Sunday, 8 January 2012

Australian Reserves Day 11

Finally an almost reasonable game, although my opponent was definitely playing worse than he ordinarily would, as he lacked motivation after losing his round 10 game from a winning position. Tony played 1...e6, so that kind of took away the posibility of playing the Semi-Slav that I had mentioned in my previous blog post, however I had decided I was going to go head-long into the BDG (or more likely Alapin French, as Tony often plays 1...e6 against 1.e4). Rather surprisingly, Tony played a fairly passive setup, with pawns on e6 & c6, with Nd7 & Be7, which seemed somewhat at odds with his usual tactical style & allowed me to basically put my pieces exactly where I wanted them. With some pressure mounting (though hardly a forced win at this stage)< tony played the awful 13...f6, which pretty much loses on the spot after 14.Nxc6. I managed to play some second-rate moves & didn't finish off the position as quickly as I should have (Fritz likes the idea of playing 17.Be2, followed by 18.Qa3+ & 19.Nxb6, which wins fairly convincingly), although the ending was much better for me in any case. Tony helped the cause by also playing some ordinary moves & I managed to finish the tournament off with a win in under 30 moves.

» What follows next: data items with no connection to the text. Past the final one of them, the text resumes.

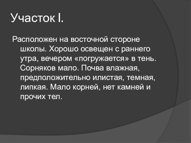 вечером «погружается» в тень. Сорняков мало. Почва влажная, предположительно илистая, темная, липкая. Мало корней, нет камней и прочих тел.
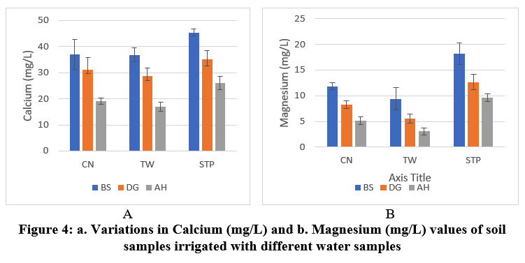 Figure 4: a. Variations in Calcium (mg/L) and b. Magnesium (mg/L) values of soil samples irrigated with different water samples
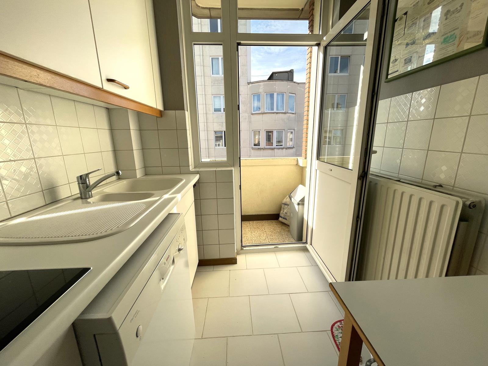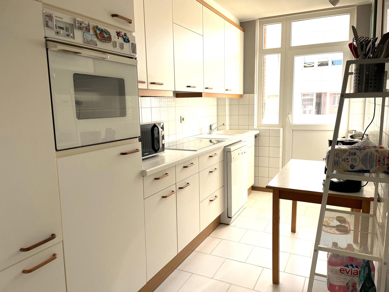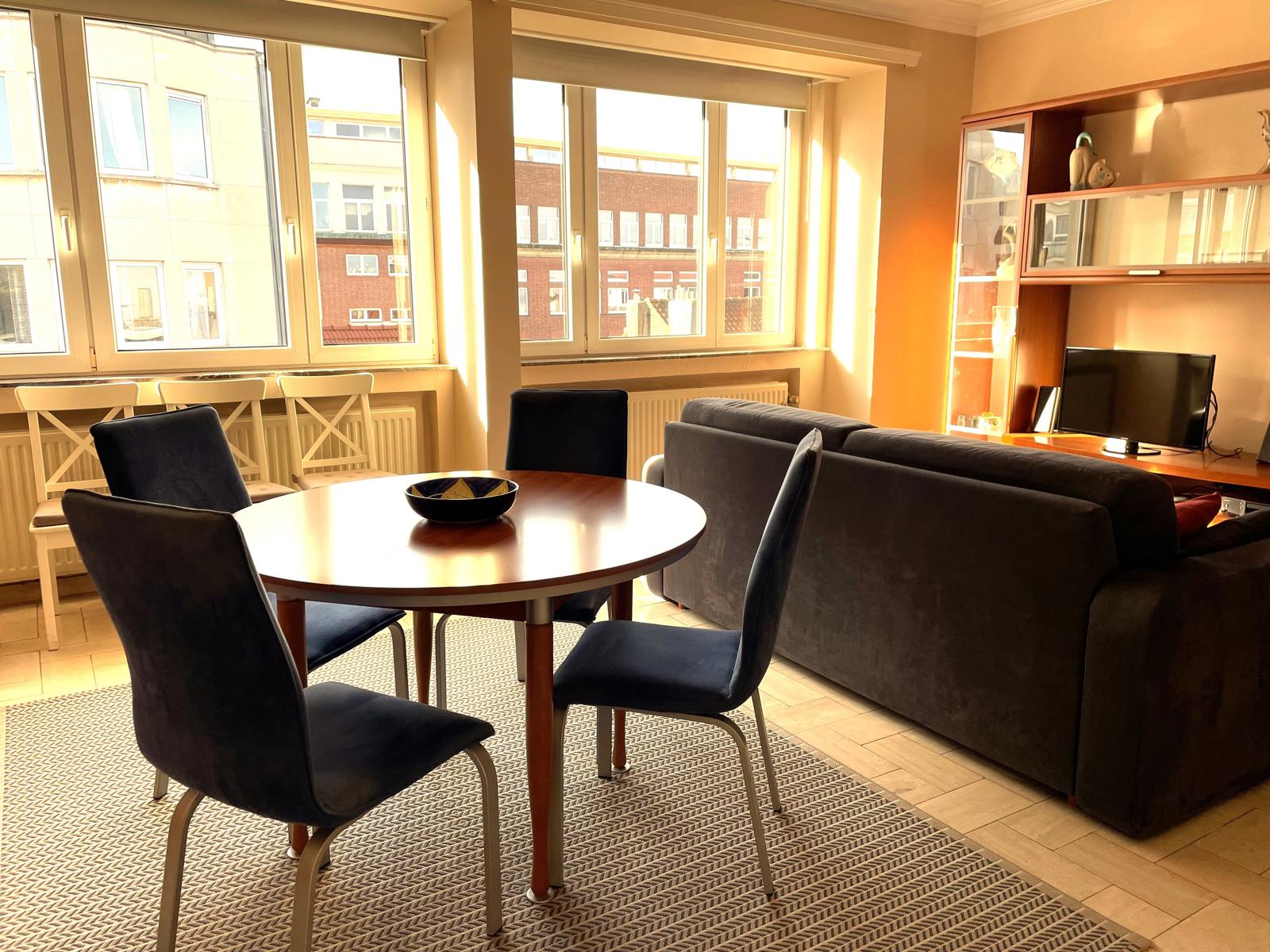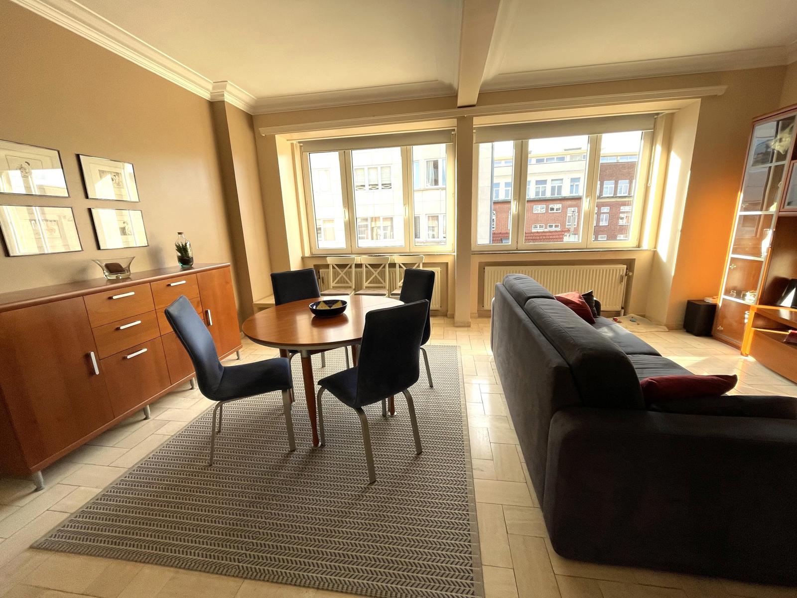 Situé au 4 ème et dernier étage d'un petit immeuble de 1954 bien entretenu, dans le quartier Plasky proche des institutions Européennes et de toutes les commodités,lumineux appartement se présentant ainsi:vaste hall d'entrée, vaste living coté rue,cuisiné équipée et son balcon,w.c. séparé,salle de bain (douche,vasque,coin buanderie), à l'arrière,au calme,deux belles chambres de 16m² dont une avec terrasse de 6m².
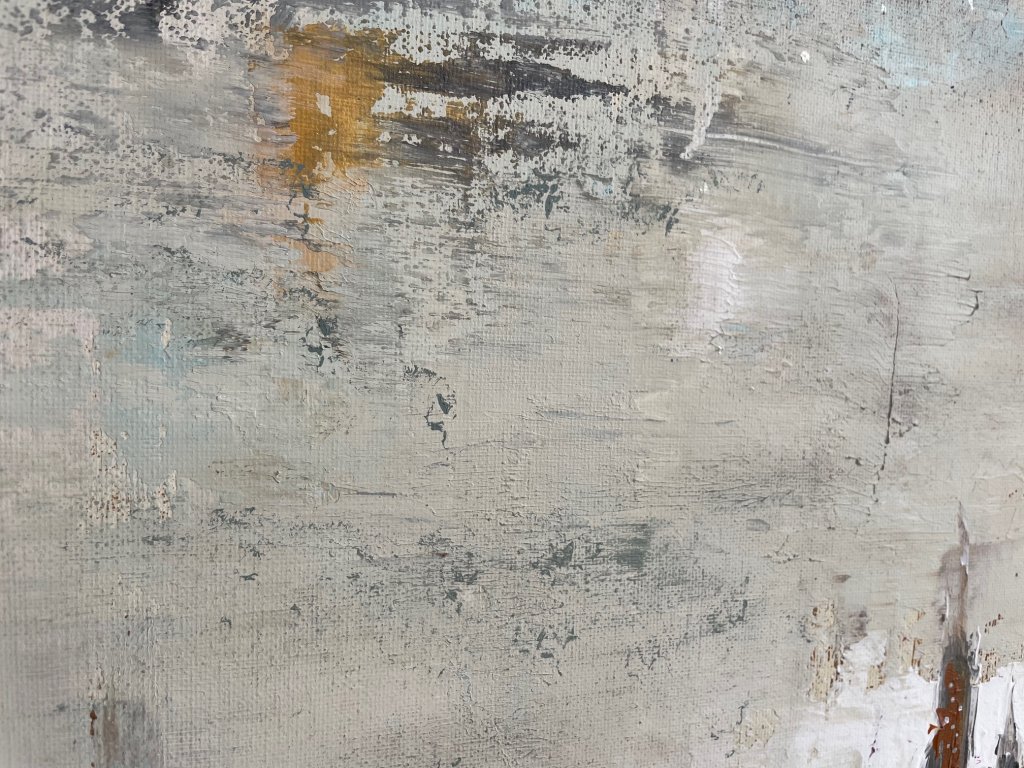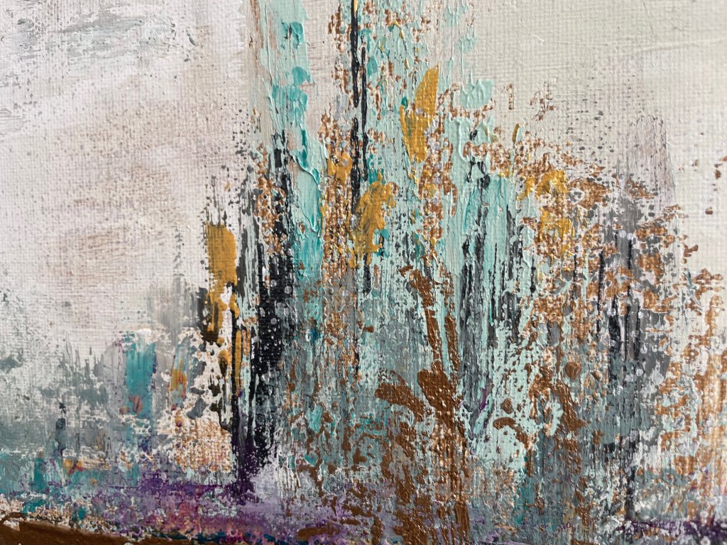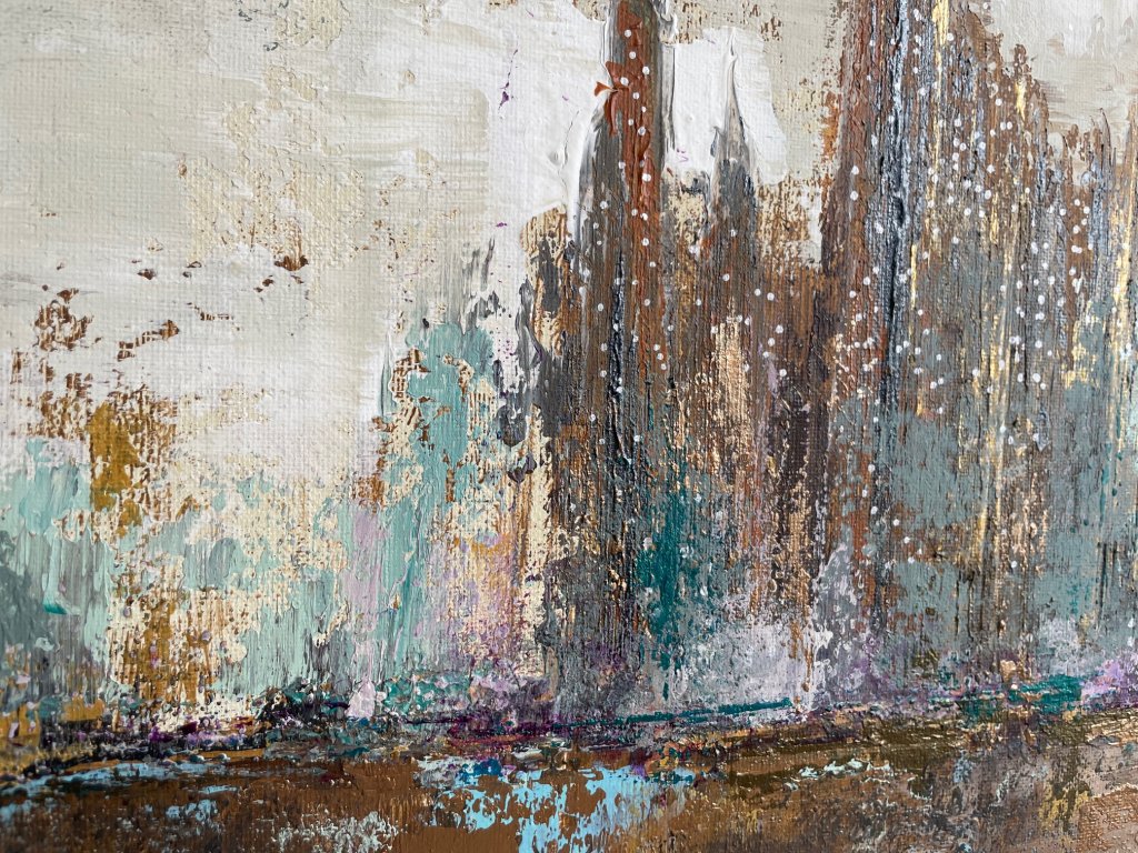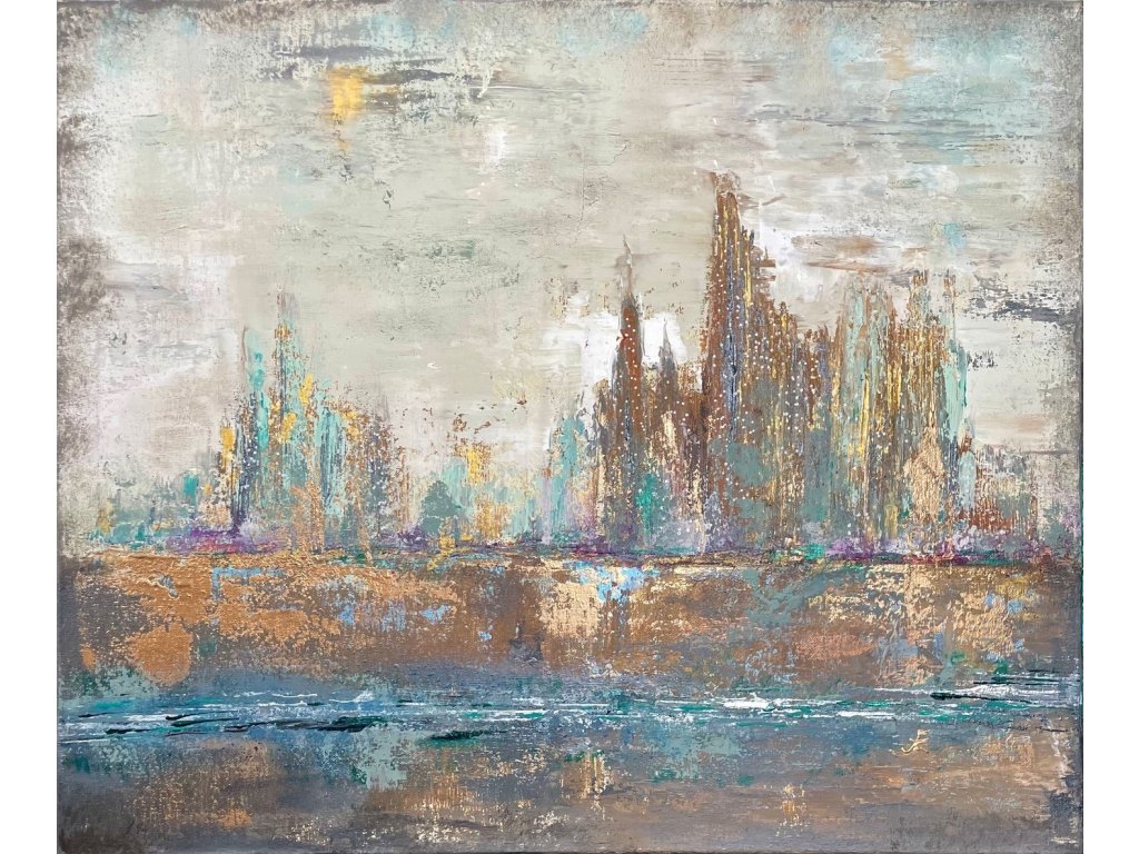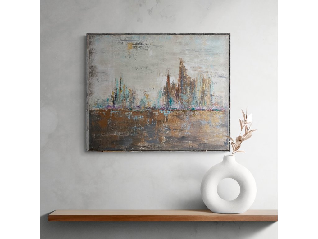 A barna, szürke és bronz árnyalatok földközeliséget és időtlen eleganciát sugallnak, míg a bézs lágy kontrasztot teremt. A pasztellzöld és lila részletek finom vibrálással törnek át, mintha az ősz halk suttogásai jelen lennének a városi forgatagban. A festmény a beton és természet találkozását, valamint a városi élet melankolikus szépségét idézi, ideális fókuszpont modern enteriőrökbe. Az alkotás mérete 50x60 cm.

My final results for the tournament are hardly inspiring, particularly when you consider the number of games where I managed to score at least half a point more than I deserved:
1 Setiabudi Megan 1552 AUS b ½
2 Langer John 1281 AUS w 1
3 Chew Lee Max 1703 AUS b ½
4 Bishop Joshua 1758 AUS w 1
5 Anderson Alistair 1840 AUS b ½
6 Spuler David 1936 AUS w 0
7 WCM Wijesuriya G V 1716 AUS b 0
8 Vuglar Shanon 1537 AUS w 1
9 McKenzie Colin 1674 AUS b 1
10 Bennett Matthew 1746 AUS w ½
11 Davis Tony J 1807 AUS w 1

Overall the tournament was won by Justin Penrose, who scored 9/11, ahead of Ari Dale on 8.5. Both started slowly & only found their way to the top boards late in the event, with the early leaders faltering towards the end of the tournament. Both Justin & Ari are regulars at Melbourne Chess Club (where I also play & run events), so it was good to see some people I know do well in the event, even if my own performance was less than inspiring.